This 2015 analysis of emotion studies found:
“Emotion categories [fear, anger, disgust, sadness, and happiness] are not contained within any one region or system, but are represented as configurations across multiple brain networks.
For example, among other systems, information diagnostic of emotion category was found in both large, multi-functional cortical networks and in the thalamus, a small region composed of functionally dedicated sub-nuclei.
The dataset consists of activation foci from 397 fMRI and PET [positron emission tomography] studies of emotion published between 1990 and 2011.”
From the fascinating Limitations section:
“Our analyses reflect the composition of the studies available in the literature, and are subject to testing and reporting biases on the part of authors. This is particularly true for the amygdala (e.g., the activation intensity for negative emotions may be over-represented in the amygdala given the theoretical focus on fear and related negative states). Other interesting distinctions were encoded in the thalamus and cerebellum, which have not received the theoretical attention that the amygdala has and are likely to be bias-free.

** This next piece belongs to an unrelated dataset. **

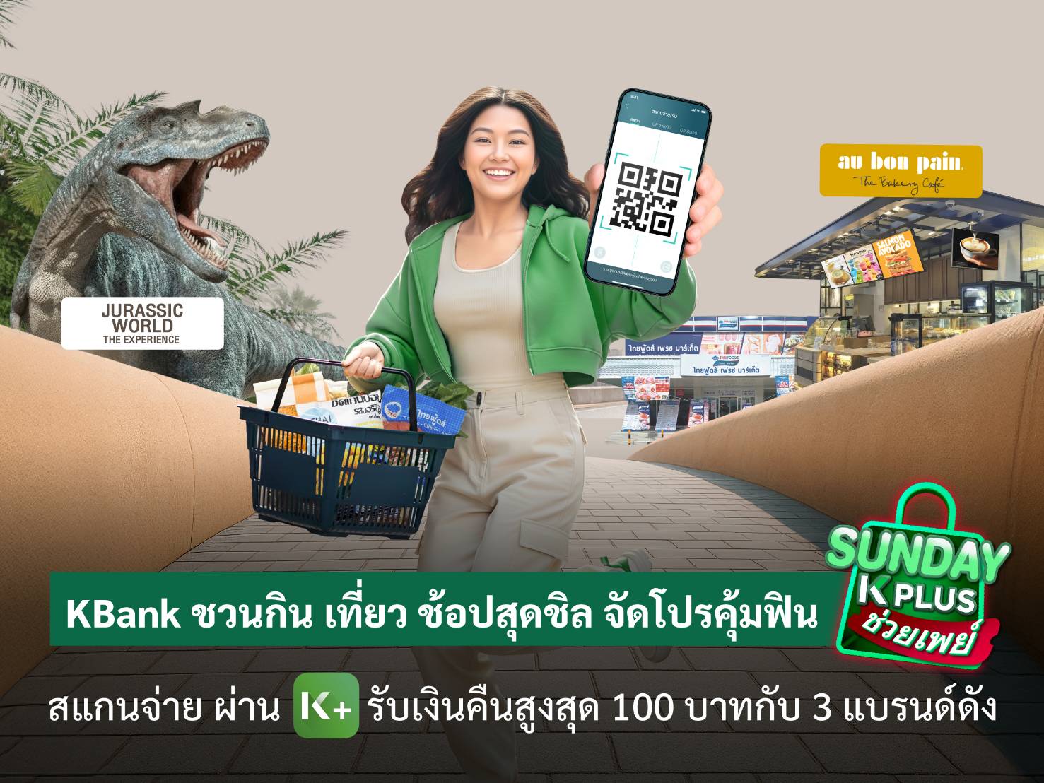 ธนาคารกสิกรไทยมอบความคุ้มสุดฟินให้ลูกค้าใช้ K PLUS กิน เที่ยว ช้อป สุดชิลทุกวันอาทิตย์ กับแคมเปญ “Sunday K PLUS ช่วยเพย์” สแกนจ่าย QR ผ่าน K PLUS ที่ 3 ร้านค้าแบรนด์ดัง Au Bon Pain Jurassic World: The Experience และ Thaifoods fresh market รับเงินคืนสูงสุด 100 บาท ตั้งแต่ วันนี้ – 11 มกราคม 2569

Some regions—particularly the brainstem—are likely to be much more important for understanding and diagnosing emotion than is apparent in our findings, because neuroimaging methods are only now beginning to focus on the brainstem with sufficient spatial resolution and artifact-suppression techniques.
We should not be too quick to dismiss findings in ‘sensory processing’ areas, etc., as methodological artifacts. Emotional responses may be inherently linked to changes in sensory and motor cortical processes that contribute to the emotional response.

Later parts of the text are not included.